The most important decision in an AI customer service project is not which tool to buy. It is agreeing, in writing and before any money is spent, how you will judge whether the project worked. Teams that skip this step end up measuring success with whatever numbers happen to look good later.

Plenty has been written about why AI projects fail to pay off. Almost all of it looks backward, after the rollout, asking what went wrong. A simpler problem hides in front of that one. Most projects never agreed, up front, what paying off would even look like.

This article is about the step that comes before the spending: writing down how the project will be judged, while you can still be honest about it. Call it the pre-deployment measurement agreement.

Measuring after the fact always flatters the project

The common assumption is that you will know success when you see it. You will not. Once a project is live and the budget is spent, nobody on the team wants it to have failed. So the team reaches for the numbers that look good: tickets closed, average handle time, cost per contact. Those numbers almost always improve, because the AI is doing something.

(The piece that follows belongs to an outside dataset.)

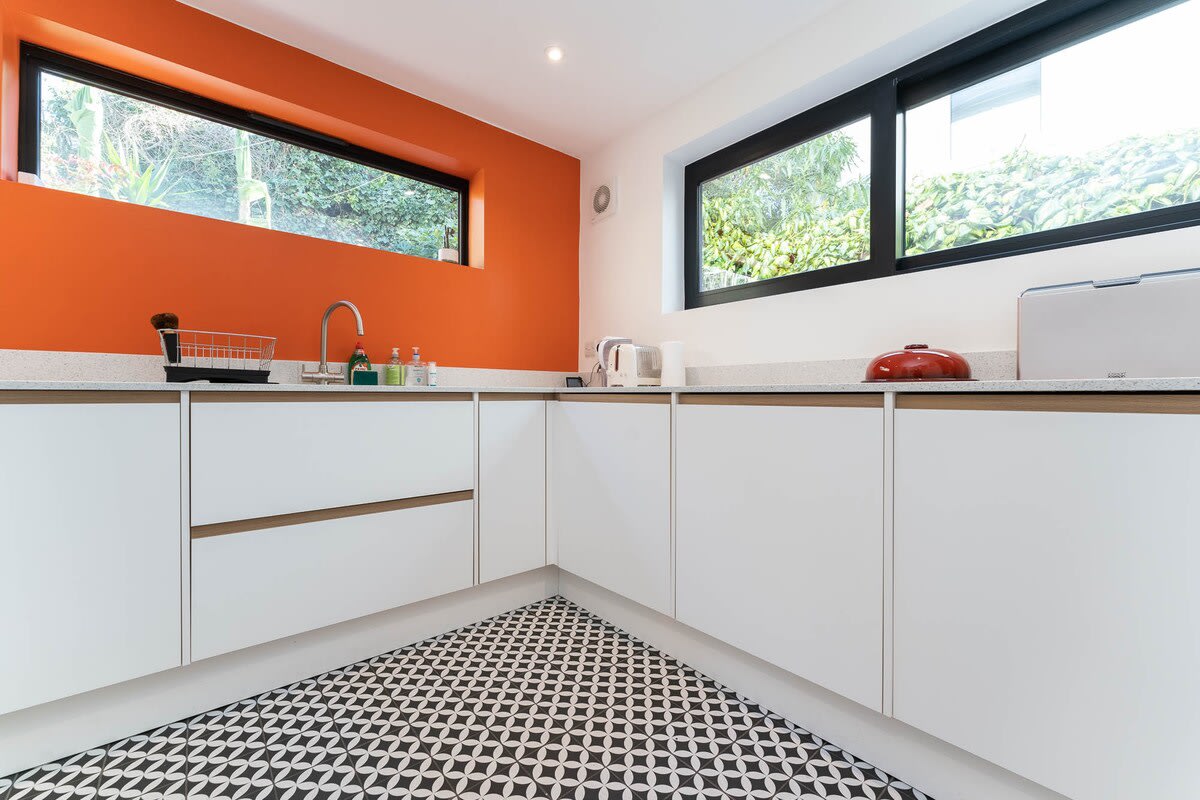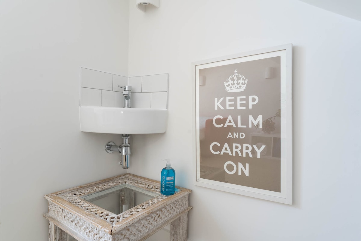 The contemporary white kitchen is fully equipped, featuring a dishwasher, a Dualit toaster, and plenty of cookware, glassware, cutlery, and crockery. There’s also a washing machine and tumble dryer for your convenience. Complimentary tea, coffee, sugar, and cooking essentials are provided. From here, you can access the private garden, which offers a paved terrace area and a touch of greenery—ideal for a morning coffee or an afternoon break.

What gets quietly dropped is the harder question of whether customers were actually helped. Michael Howlett, who writes Customer Experience Decoded, calls this the AI metrics mirage: the dashboard looks strong while customers leave. Measuring after the fact does not just risk this outcome. It almost guarantees it, because the people choosing the metrics now have a reason to choose the kind ones.

What to agree before you spend

Three things, written down and signed off before the budget is approved.

First, the comparison. What would the next year look like if you did not run this project at all: customer numbers, costs, complaint levels. This is the line the project has to beat. Without it, any improvement looks like a win, including one that would have happened anyway.

Second, the real success metrics. Pick the numbers that show whether customers were helped, not just processed. Howlett's list is a good start: first-contact resolution by channel, how often customers come back within a few days, the quality of escalations, and complaints or churn in the weeks after an AI contact. Write these down now, because they are harder to game and nobody will volunteer them later.

Third, who signs off. Name the person accountable for the comparison and the metrics. Not the vendor, not the project's champion. Someone who can later say, plainly, whether the project hit the line it agreed to.

What to run before the budget meeting: write a one-page measurement agreement. It states the do-nothing comparison, the four or five real success metrics with a target for each, and the name of the person who signs off. Everyone approving the spend signs the same page. If the project cannot say what success looks like before it starts, it is not ready to start.

Why this is hard, and worth it

This step is unpopular for an obvious reason. It is the one moment in the project where someone has to commit to a number they can be judged against. It is far more comfortable to start spending and sort out the measurement later. That comfort is exactly the problem.

Kevin Davis, who writes the KD Be Schemin newsletter, argues that the return on AI is rarely missing because the technology failed. In his words, the ROI is not missing, the redesign is: the work around the technology, the measurement, the accountability, the change in how people work, was never done. The pre-deployment measurement agreement is a small piece of that work. It is also the piece that decides whether you will ever know if the rest of it paid off.

The point of the agreement is to fix the measure of success while the project still has no result to defend. Once it is live, that honesty is much harder to find.